WHAT THE TASK REQUIRES |
Word for word, write out the entries that follow, omitting all pictures.

PROVIDED RECORDS: Begin

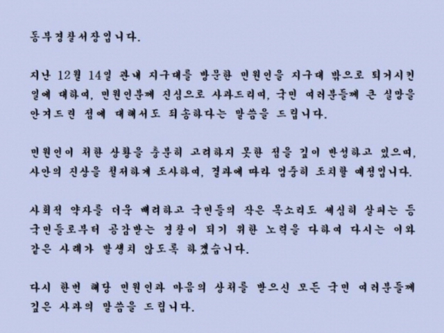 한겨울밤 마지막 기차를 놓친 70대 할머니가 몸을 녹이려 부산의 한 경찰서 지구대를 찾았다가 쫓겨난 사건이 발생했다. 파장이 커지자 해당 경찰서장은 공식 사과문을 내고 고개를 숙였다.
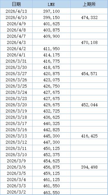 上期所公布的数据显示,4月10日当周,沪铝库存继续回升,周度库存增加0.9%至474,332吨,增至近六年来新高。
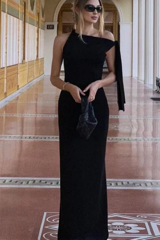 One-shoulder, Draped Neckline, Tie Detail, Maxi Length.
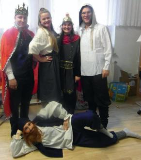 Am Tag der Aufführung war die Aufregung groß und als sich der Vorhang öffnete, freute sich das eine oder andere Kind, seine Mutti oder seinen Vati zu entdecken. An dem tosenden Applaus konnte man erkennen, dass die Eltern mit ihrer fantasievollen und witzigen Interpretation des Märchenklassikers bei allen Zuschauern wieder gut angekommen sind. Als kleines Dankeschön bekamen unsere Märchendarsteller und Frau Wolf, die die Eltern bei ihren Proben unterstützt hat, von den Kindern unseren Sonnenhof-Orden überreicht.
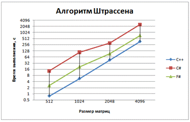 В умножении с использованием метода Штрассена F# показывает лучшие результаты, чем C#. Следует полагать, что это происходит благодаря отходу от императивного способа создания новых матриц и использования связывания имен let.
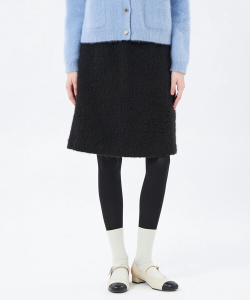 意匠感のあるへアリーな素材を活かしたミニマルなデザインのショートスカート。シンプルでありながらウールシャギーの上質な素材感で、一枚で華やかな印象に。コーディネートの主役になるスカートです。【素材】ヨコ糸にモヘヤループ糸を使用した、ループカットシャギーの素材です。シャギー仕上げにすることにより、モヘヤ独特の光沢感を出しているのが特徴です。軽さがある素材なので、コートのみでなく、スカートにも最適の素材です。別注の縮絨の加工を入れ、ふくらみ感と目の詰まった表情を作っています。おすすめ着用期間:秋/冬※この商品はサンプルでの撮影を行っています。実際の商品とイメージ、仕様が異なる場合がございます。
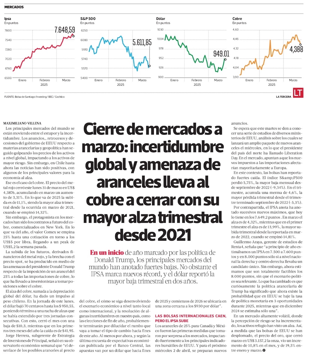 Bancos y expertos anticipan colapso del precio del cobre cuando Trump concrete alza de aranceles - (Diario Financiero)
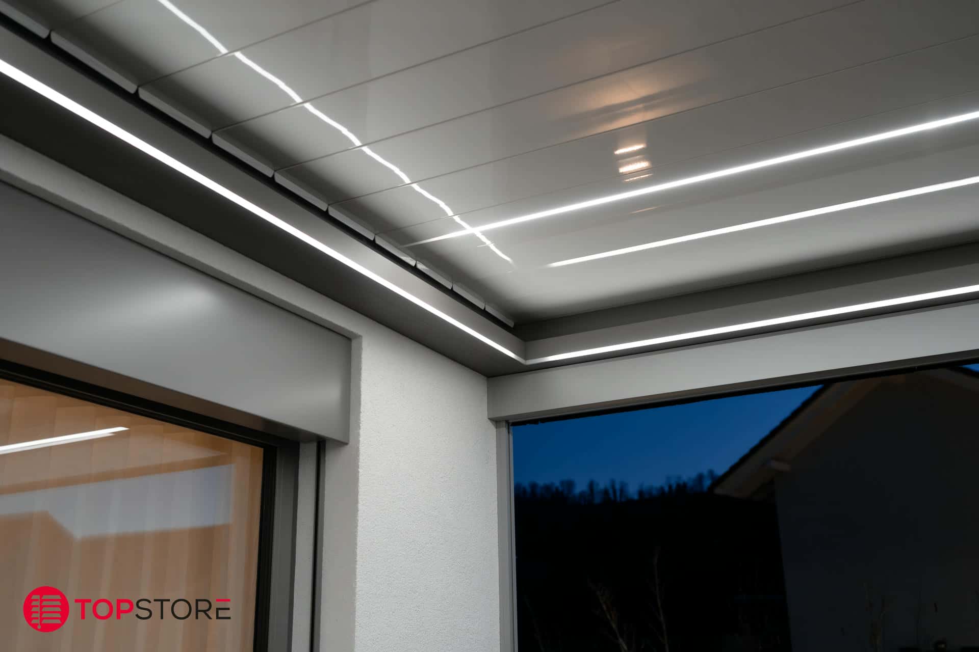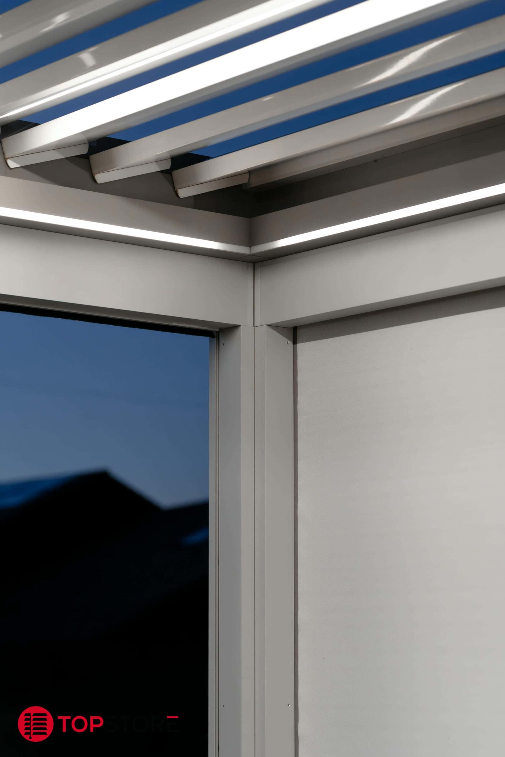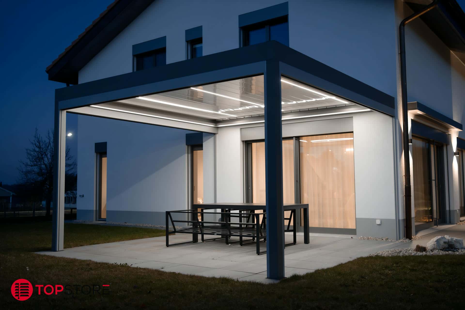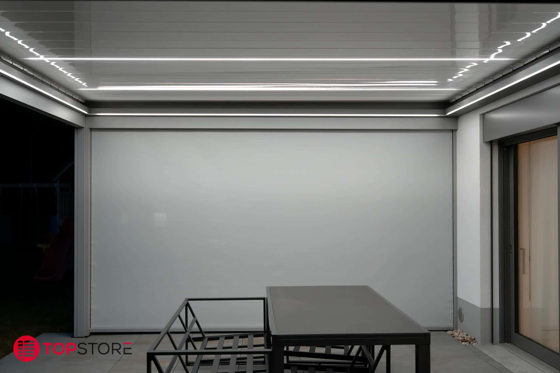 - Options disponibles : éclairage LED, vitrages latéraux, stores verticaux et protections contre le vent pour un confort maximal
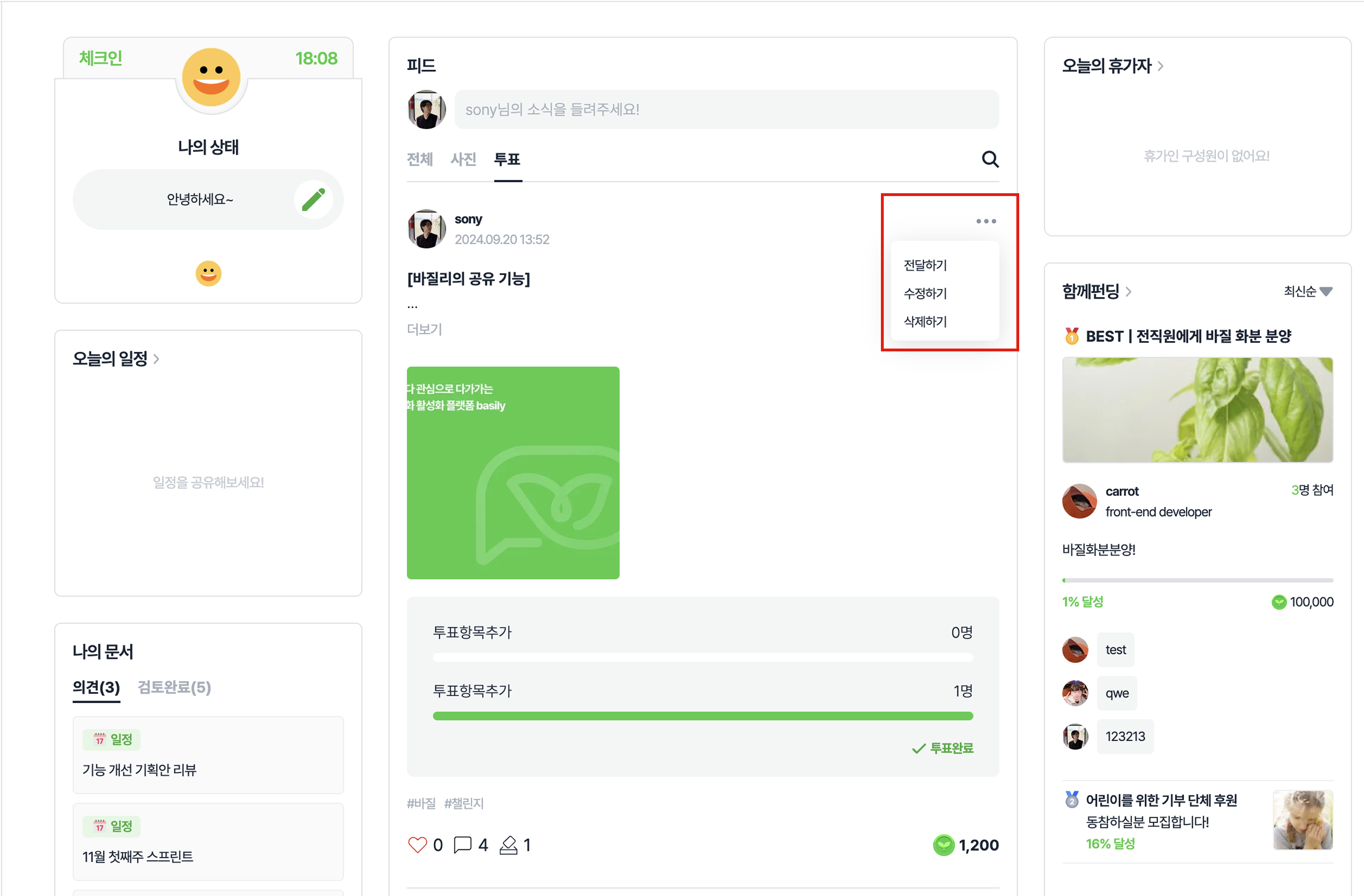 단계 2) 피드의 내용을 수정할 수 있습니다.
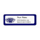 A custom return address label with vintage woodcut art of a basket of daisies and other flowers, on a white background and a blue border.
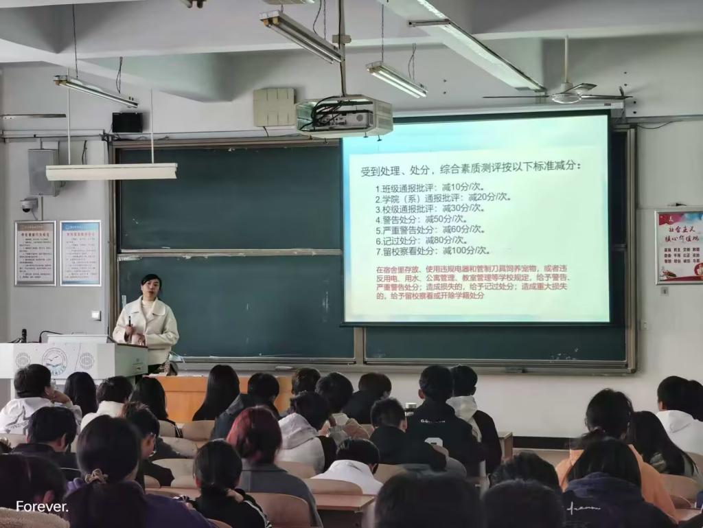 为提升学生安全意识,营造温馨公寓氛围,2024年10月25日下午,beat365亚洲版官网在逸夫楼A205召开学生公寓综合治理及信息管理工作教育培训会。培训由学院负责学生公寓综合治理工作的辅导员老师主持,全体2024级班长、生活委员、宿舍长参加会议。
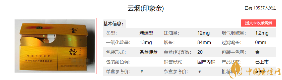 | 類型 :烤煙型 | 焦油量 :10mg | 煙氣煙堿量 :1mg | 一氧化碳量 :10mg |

PROVIDED RECORDS: End

WRITTEN ANSWER |
 한겨울밤 마지막 기차를 놓친 70대 할머니가 몸을 녹이려 부산의 한 경찰서 지구대를 찾았다가 쫓겨난 사건이 발생했다. 파장이 커지자 해당 경찰서장은 공식 사과문을 내고 고개를 숙였다.
 上期所公布的数据显示,4月10日当周,沪铝库存继续回升,周度库存增加0.9%至474,332吨,增至近六年来新高。
 One-shoulder, Draped Neckline, Tie Detail, Maxi Length.
 Am Tag der Aufführung war die Aufregung groß und als sich der Vorhang öffnete, freute sich das eine oder andere Kind, seine Mutti oder seinen Vati zu entdecken. An dem tosenden Applaus konnte man erkennen, dass die Eltern mit ihrer fantasievollen und witzigen Interpretation des Märchenklassikers bei allen Zuschauern wieder gut angekommen sind. Als kleines Dankeschön bekamen unsere Märchendarsteller und Frau Wolf, die die Eltern bei ihren Proben unterstützt hat, von den Kindern unseren Sonnenhof-Orden überreicht.
 В умножении с использованием метода Штрассена F# показывает лучшие результаты, чем C#. Следует полагать, что это происходит благодаря отходу от императивного способа создания новых матриц и использования связывания имен let.
 意匠感のあるへアリーな素材を活かしたミニマルなデザインのショートスカート。シンプルでありながらウールシャギーの上質な素材感で、一枚で華やかな印象に。コーディネートの主役になるスカートです。【素材】ヨコ糸にモヘヤループ糸を使用した、ループカットシャギーの素材です。シャギー仕上げにすることにより、モヘヤ独特の光沢感を出しているのが特徴です。軽さがある素材なので、コートのみでなく、スカートにも最適の素材です。別注の縮絨の加工を入れ、ふくらみ感と目の詰まった表情を作っています。おすすめ着用期間:秋/冬※この商品はサンプルでの撮影を行っています。実際の商品とイメージ、仕様が異なる場合がございます。
 Bancos y expertos anticipan colapso del precio del cobre cuando Trump concrete alza de aranceles - (Diario Financiero)
 - Options disponibles : éclairage LED, vitrages latéraux, stores verticaux et protections contre le vent pour un confort maximal
 단계 2) 피드의 내용을 수정할 수 있습니다.
 A custom return address label with vintage woodcut art of a basket of daisies and other flowers, on a white background and a blue border.
 为提升学生安全意识,营造温馨公寓氛围,2024年10月25日下午,beat365亚洲版官网在逸夫楼A205召开学生公寓综合治理及信息管理工作教育培训会。培训由学院负责学生公寓综合治理工作的辅导员老师主持,全体2024级班长、生活委员、宿舍长参加会议。
 | 類型 :烤煙型 | 焦油量 :10mg | 煙氣煙堿量 :1mg | 一氧化碳量 :10mg |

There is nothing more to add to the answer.